- _YOUR GOAL_
In the data below, the answer is the run of lines from the line containing "Для большей гармонии" through the line containing "This 2016 Subaru", both included; print it exactly and nothing else.

- _TASK INPUTS_
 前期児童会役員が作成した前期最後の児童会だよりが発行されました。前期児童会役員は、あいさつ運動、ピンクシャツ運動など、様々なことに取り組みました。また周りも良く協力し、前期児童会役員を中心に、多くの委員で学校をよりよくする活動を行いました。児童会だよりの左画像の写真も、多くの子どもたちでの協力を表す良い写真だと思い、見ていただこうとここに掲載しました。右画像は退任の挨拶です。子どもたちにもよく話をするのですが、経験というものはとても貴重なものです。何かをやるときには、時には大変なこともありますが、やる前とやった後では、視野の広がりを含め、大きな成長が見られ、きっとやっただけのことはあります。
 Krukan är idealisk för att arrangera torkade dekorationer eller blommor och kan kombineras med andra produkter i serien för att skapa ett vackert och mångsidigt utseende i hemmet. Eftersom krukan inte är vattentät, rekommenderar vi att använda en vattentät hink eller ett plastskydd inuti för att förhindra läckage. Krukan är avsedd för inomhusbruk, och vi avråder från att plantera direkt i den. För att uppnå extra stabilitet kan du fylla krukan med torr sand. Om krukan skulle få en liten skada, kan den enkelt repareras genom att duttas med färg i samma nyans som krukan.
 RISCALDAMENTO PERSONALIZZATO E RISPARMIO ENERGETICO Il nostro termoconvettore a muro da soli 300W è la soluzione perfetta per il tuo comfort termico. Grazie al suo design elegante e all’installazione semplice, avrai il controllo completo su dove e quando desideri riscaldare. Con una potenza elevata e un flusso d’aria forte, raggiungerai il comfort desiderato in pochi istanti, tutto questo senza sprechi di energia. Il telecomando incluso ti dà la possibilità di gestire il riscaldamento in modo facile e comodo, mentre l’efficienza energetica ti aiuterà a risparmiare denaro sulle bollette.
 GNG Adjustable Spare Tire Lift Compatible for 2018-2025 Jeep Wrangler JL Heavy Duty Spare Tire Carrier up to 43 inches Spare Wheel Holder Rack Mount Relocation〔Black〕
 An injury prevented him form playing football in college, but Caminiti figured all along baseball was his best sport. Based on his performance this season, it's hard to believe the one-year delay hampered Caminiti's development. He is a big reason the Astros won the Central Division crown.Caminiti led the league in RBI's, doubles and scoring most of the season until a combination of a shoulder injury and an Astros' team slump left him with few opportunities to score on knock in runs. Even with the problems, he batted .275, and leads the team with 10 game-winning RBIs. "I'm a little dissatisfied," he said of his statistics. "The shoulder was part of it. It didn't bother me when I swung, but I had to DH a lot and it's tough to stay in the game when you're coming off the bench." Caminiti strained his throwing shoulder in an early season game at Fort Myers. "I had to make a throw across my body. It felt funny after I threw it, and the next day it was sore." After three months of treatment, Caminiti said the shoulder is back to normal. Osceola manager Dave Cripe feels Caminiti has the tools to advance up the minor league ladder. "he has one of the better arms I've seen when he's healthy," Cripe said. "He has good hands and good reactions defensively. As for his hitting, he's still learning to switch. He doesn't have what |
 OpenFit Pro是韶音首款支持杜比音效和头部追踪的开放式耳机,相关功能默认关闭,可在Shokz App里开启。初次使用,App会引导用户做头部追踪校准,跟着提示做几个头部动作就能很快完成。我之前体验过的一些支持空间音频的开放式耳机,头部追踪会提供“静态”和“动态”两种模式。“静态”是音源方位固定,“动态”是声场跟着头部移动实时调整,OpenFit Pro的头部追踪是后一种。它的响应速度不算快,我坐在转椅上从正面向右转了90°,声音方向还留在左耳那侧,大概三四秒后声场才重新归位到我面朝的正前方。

...

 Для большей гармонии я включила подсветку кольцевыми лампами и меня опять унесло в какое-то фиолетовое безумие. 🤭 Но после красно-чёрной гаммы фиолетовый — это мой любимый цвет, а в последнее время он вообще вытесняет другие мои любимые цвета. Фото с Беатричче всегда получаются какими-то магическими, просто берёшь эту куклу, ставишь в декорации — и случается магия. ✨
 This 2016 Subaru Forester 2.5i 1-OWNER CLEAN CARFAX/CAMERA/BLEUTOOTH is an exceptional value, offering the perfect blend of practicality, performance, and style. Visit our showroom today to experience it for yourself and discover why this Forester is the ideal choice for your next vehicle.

- _WRITTEN REPLY_
 Для большей гармонии я включила подсветку кольцевыми лампами и меня опять унесло в какое-то фиолетовое безумие. 🤭 Но после красно-чёрной гаммы фиолетовый — это мой любимый цвет, а в последнее время он вообще вытесняет другие мои любимые цвета. Фото с Беатричче всегда получаются какими-то магическими, просто берёшь эту куклу, ставишь в декорации — и случается магия. ✨
 This 2016 Subaru Forester 2.5i 1-OWNER CLEAN CARFAX/CAMERA/BLEUTOOTH is an exceptional value, offering the perfect blend of practicality, performance, and style. Visit our showroom today to experience it for yourself and discover why this Forester is the ideal choice for your next vehicle.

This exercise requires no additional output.